No programming language would be complete without some form of iteration[2] (repeated execution of a block of statements). Perl can iterate using the while statement:

while (some_expression) {
    statement_1;
    statement_2;
    statement_3;
}

[2] That's why HTML is not a programming language.

To execute this while statement, Perl evaluates the control expression (some_expression in the example). If its value is true (using Perl's notion of truth), the body of the while statement is evaluated once. This is repeated until the control expression becomes false, at which point Perl goes on to the next statement after the while loop. For example:

print "how old are you? ";
$a = <STDIN>;
chomp($a);
while ($a > 0) {
    print "At one time, you were $a years old.\n";
    $a--;
}

Sometimes it is easier to say "until something is true" rather than "while not this is true." Once again, Perl has the answer. Replacing the while with until yields the desired effect:

until (some_expression) {
    statement_1;
    statement_2;
    statement_3;
}

Note that in both the while and the until form, the body statements will be skipped entirely if the control expression is the termination value to begin with. For example, if a user enters an age less than zero for the program fragment above, Perl skips over the body of the loop.

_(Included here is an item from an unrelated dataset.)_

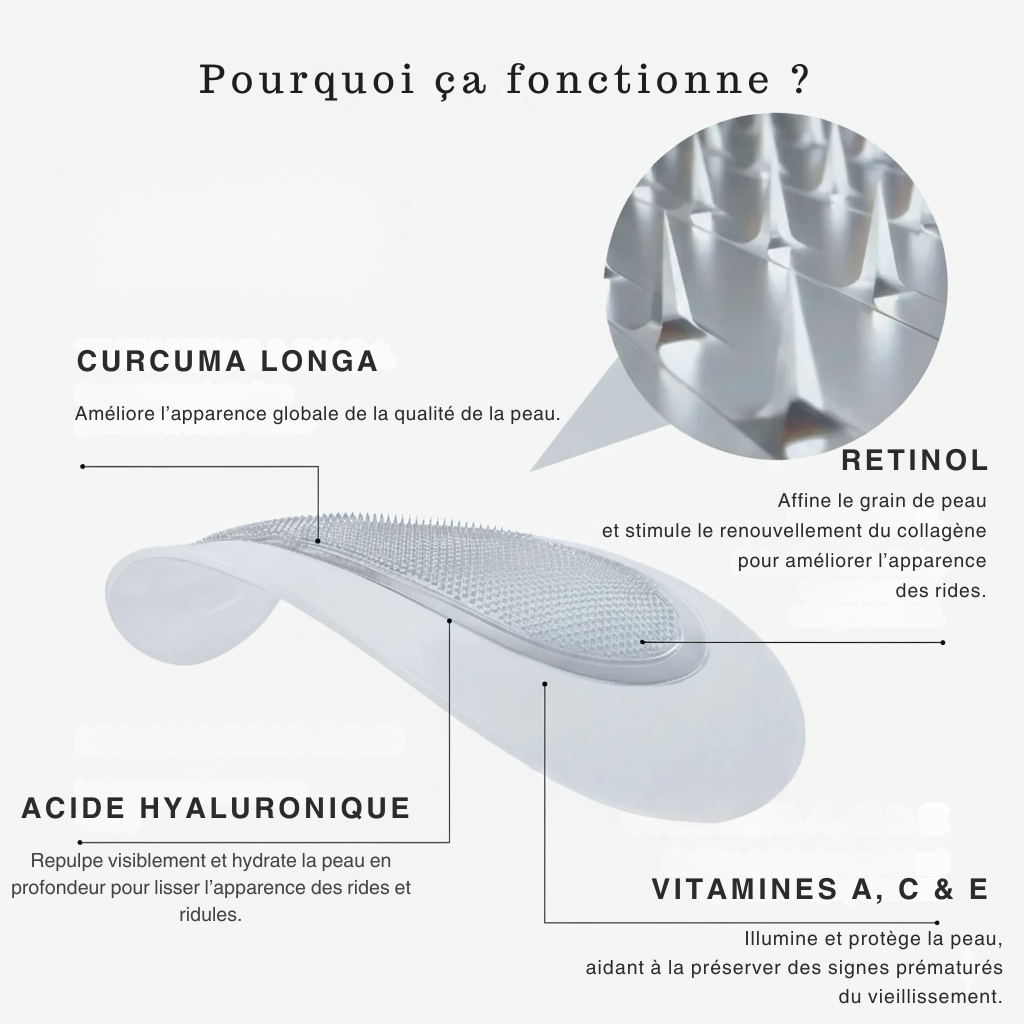 Parce que les crèmes restent en surface. Nos patchs vont en profondeur. Chaque patch contient des centaines de micro-cônes dissolvants invisibles à l'œil nu, totalement indolores composés à 100% d'acide hyaluronique pur et de peptides actifs.
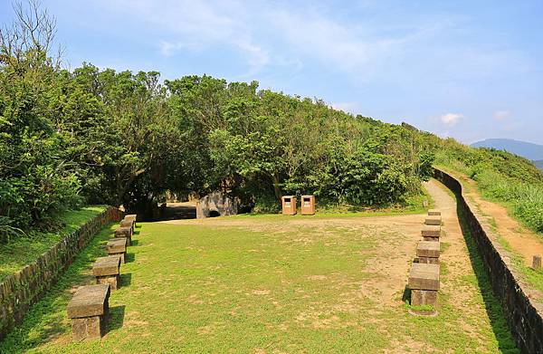 大武崙砲台一景,此處為北稜堡。 大武崙砲台利用地形設計出北、南、東三座稜堡,句有聚集較多兵員、增加射界的效果,還可以構成交叉火網,防止敵軍登陸或靠近。照片中的溝渠是避彈壕,深1.8公尺。

It's possible that the control expression never lets the loop exit. This is perfectly legal, and sometimes desired, and thus not considered an error. For example, you might want a loop to repeat as long as you have no error, and then have some error-handling code following the loop. You might use this for a daemon that is meant to run until the system crashes.

4.3.1 The do {} while/until Statement

The while/until statement you saw in the previous section tests its condition at the top of every loop, before the loop is entered. If the condition was already false to begin with, the loop won't be executed at all.

But sometimes you don't want to test the condition at the top of the loop. Instead, you want to test it at the bottom. To fill this need, Perl provides the do {} while statement, which is just like[3] the regular while statement except that it doesn't test the expression until after executing the loop once.

do {
    statement_1;
    statement_2;
    statement_3;
} while some_expression;

[3] Well, not quite just like; the loop control directives explained in Chapter 9, Miscellaneous Control Structures, don't work for the bottom-testing form.

Perl executes the statements in the do block.When it reaches the end, it evaluates the expression for truth. If the expression is false, the loop is done. If it's true, then the whole block is executed one more time before the expression is once again checked.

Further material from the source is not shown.